Hamburgs FDP versinkt im überwunden geglaubten Chaos. Schuld daran ist vor allem der Parteivorsitzende Michael Kruse.

Mit Zankapfel: Erst stritten FDP-Chef Michael Kruse und die Julis über die Coronabekämpfung Foto: Daniel Bockwoldt/dpa

Hamburg taz | „So gerne“: Als er vor ein paar Wochen auf dem Landesparteitag sprach, benutzte Hamburgs FDP-Chef Michael Kruse viel den Konjunktiv: „So gerne“ also hätte er mit den Parteifreundinnen und -freunden den Einzug in die Bundesregierung gefeiert, hätte berichten wollen vom „erfolgreichen Abschluss der Koalitionsgespräche“, den „tollen Fachsprecherrollen“. Von denen hat er selbst eine ergattert: Im Bundestag ist der studierte Volkswirtschaftler energiepolitischer Sprecher der Freien Demokraten, wirklich nicht unwichtig in diesen Tagen.
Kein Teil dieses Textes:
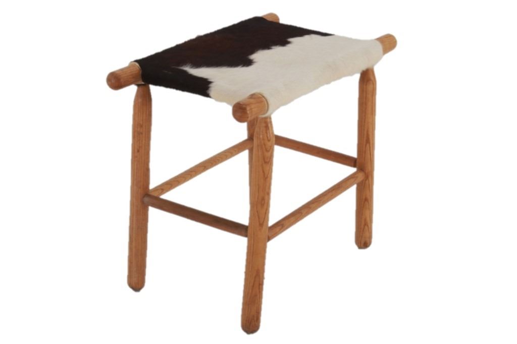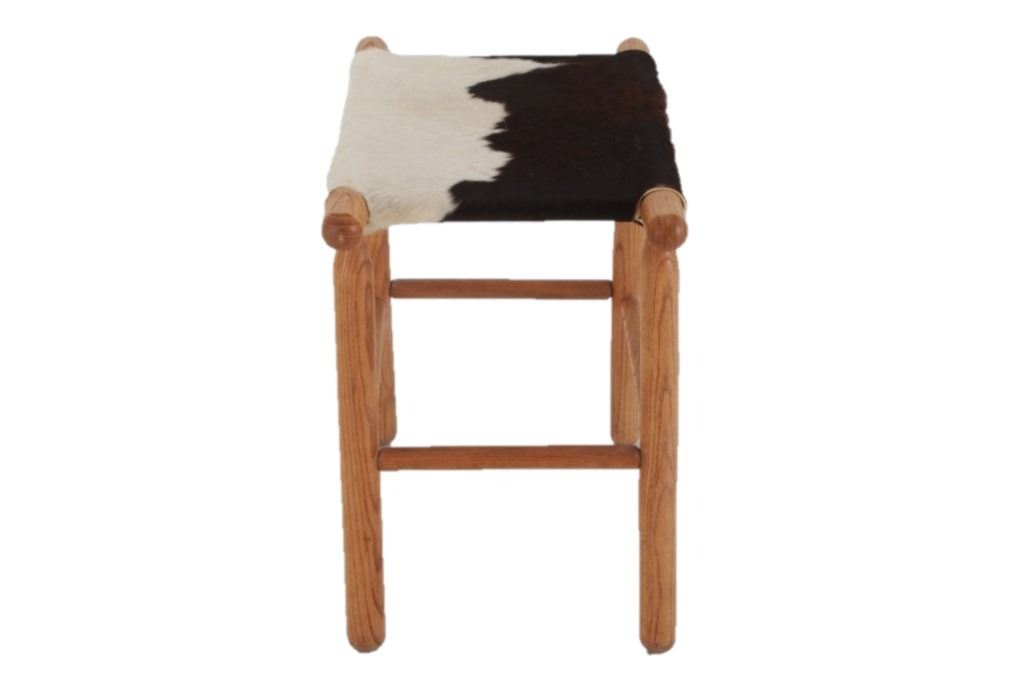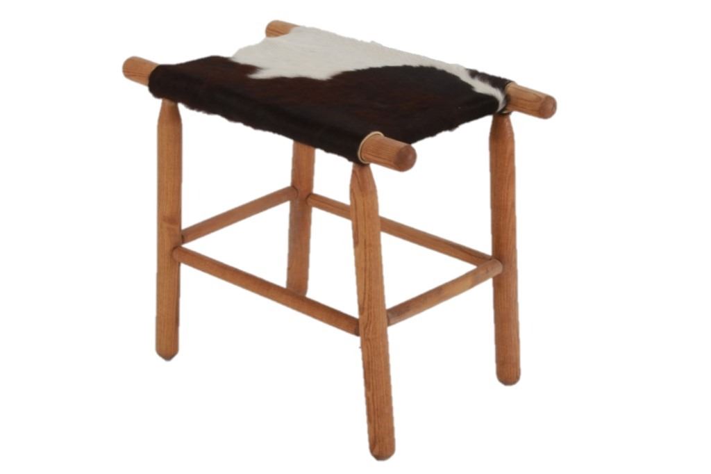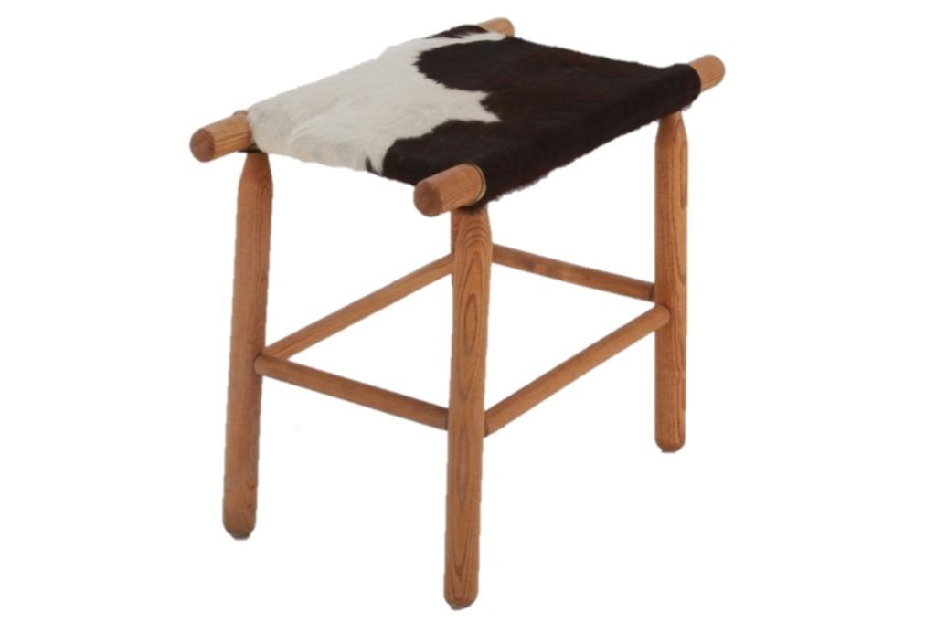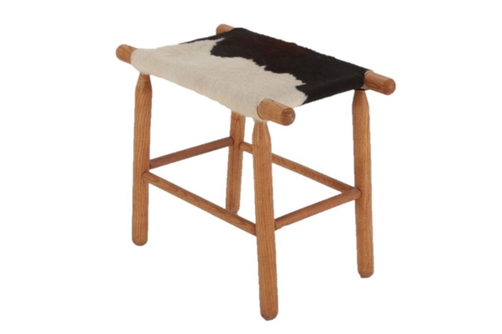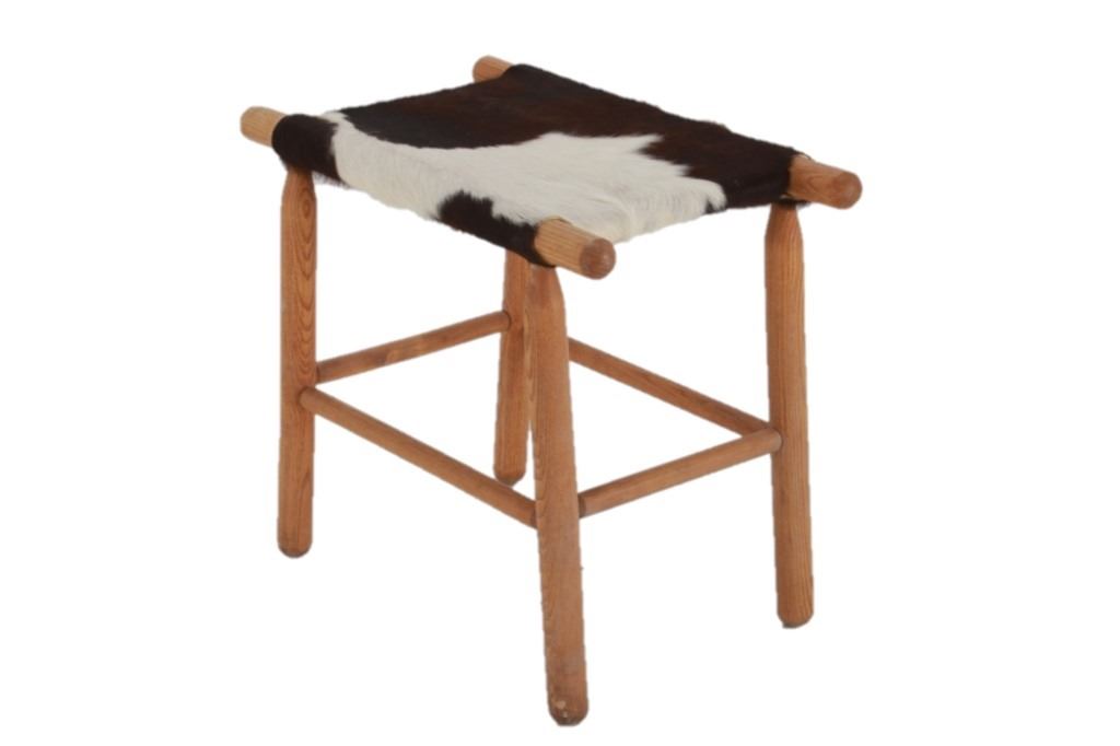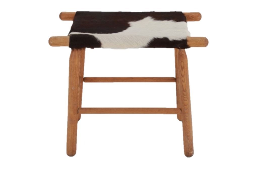 This is an outstanding Danish Mid-Century Modern wood and cowhide stool set from a Montana Dude Ranch estate collection. The set was purchased in Jackson Hole, Wyoming in the 1990’s and features a fantastic Danish Mid-Century Modern wood styled frame with cowhide wrapped upholstered top in a fashionable Holstein black and white coloring. The stool frame protrudes past the ends on each side and has a turned finish with stretched seat, commonly seen on Danish Mid-Century Modern MCM furniture. The condition of this pair of stools is good with no obvious signs of damage and in good overall condition. The measurements of this pair of stools are 22 1/2" x 19 1/2" x 13 1/4".

In Hamburg war Kruse seit 2017 Fraktionschef – bis die FDP dort 2020 an der Fünf-Prozent-Hürde scheiterte. Und verglichen mit jenem Jammertal, aber auch den früheren, teils erbittert geführten Streits innerhalb des Landesverbandes hätte er nun wirklich frohe Kunde zu bringen gehabt. Was dem im Weg stand? Der russische Angriff auf die Ukraine, der zu einer kurzfristigen Änderung des Parteitagsprogramms führte; aber auch parteiinterne Querelen, die eben doch kein reines Ding der Vergangenheit sind.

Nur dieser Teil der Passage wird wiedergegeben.